Sometimes we just forget to do something small...like plug in the sub to the wall, or make the AVR say the fronts are bi-wired. Stuff like that...:bigsmile:


----------



## Sonnie (Apr 11, 2006)

I did this just the other day. I sit scratching my head wondering why something was not working. Finally I realized I had not plugged it in. :rolleyesno: A real :duh: moment indeed!


----------



## jmolgaard (Jun 14, 2009)

Hi! Thanks for your answers!:clap:
I took it to the dealer, and he couldn't find any sound either:yay2:, so now its on its way to the doctor!:dizzy:
I have borrowed a SR-906 in the meantime, hope I don't get used to its extra facilities....:innocent: and that I will have sound on this one raying:


----------



## Sonnie (Apr 11, 2006)

They should give you a new one... I would think.


----------



## tonyvdb (Sep 5, 2007)

Sonnie said:


> They should give you a new one... I would think.

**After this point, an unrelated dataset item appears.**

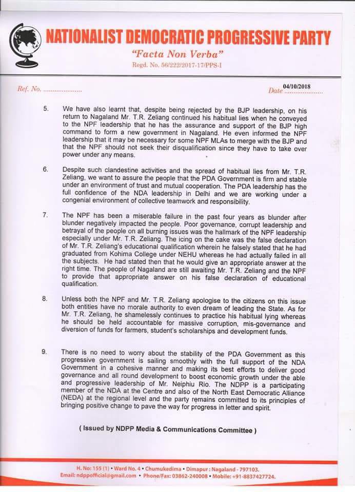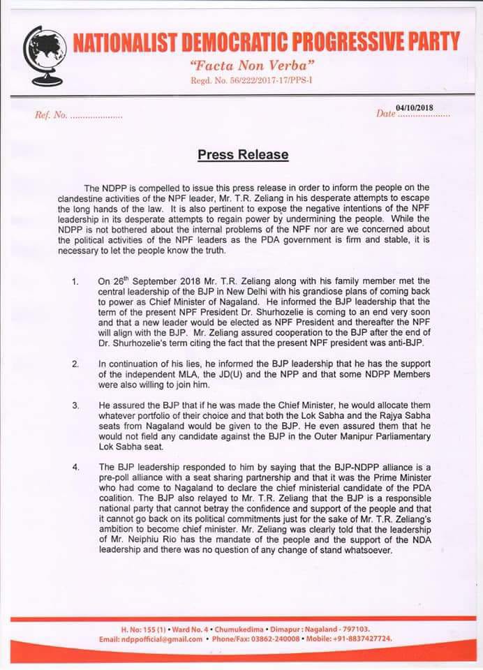 The NDPP issued a statement on Thursday (Oct 4) stating it was compelled to inform the people about the “clandestine activities” of Zeliang. “On 26th September, 2018, Mr. TR Zeliang along with his family member met the central leadership of the BJP in New Delhi with his grandiose plans of coming back to power as chief minister of Nagaland. He informed the BJP leadership that the term of the present NPF president Dr. Shurhozelie is coming to an end very soon and that a new leader would be elected as NPF president and thereafter the NPF will align with the BJP.

I agree, You should get a brand new receiver not a repaired one given you just bought it. Usually within 30 days there is a money back or replacement exchange guarantee.


----------



## Lordoftherings (Feb 8, 2009)

>>> An important setting that few people forgot to adjust:

>>> * Set the "HDMI Audio Out" to OFF. * <<< 
This is the right setting for the sound to be output from your receiver through all your speakers.

-> The ON setting is only for the HDMI audio out to be output from your TV speakers.

Bob


----------



## jmolgaard (Jun 14, 2009)

Hi, after a long holiday  I'm back, and went to the dealer.
My SR-876 wasn't ready yet :huh:, but instead he gave me an offer on the NR-906, 9000 DKK (approx. 1200 EUR), so we had a deal!:jump:
Thanks to all of you who replied:T


----------



## Lordoftherings (Feb 8, 2009)

jmolgaard said:


> Hi, after a long holiday  I'm back, and went to the dealer.
> My SR-876 wasn't ready yet :huh:, but instead he gave me an offer on the NR-906, 9000 DKK (approx. 1200 EUR), so we had a deal!:jump:
> Thanks to all of you who replied:T


This is awesome news man. :T :yay:


----------



## Sonnie (Apr 11, 2006)

Yup... congratulations indeed!


----------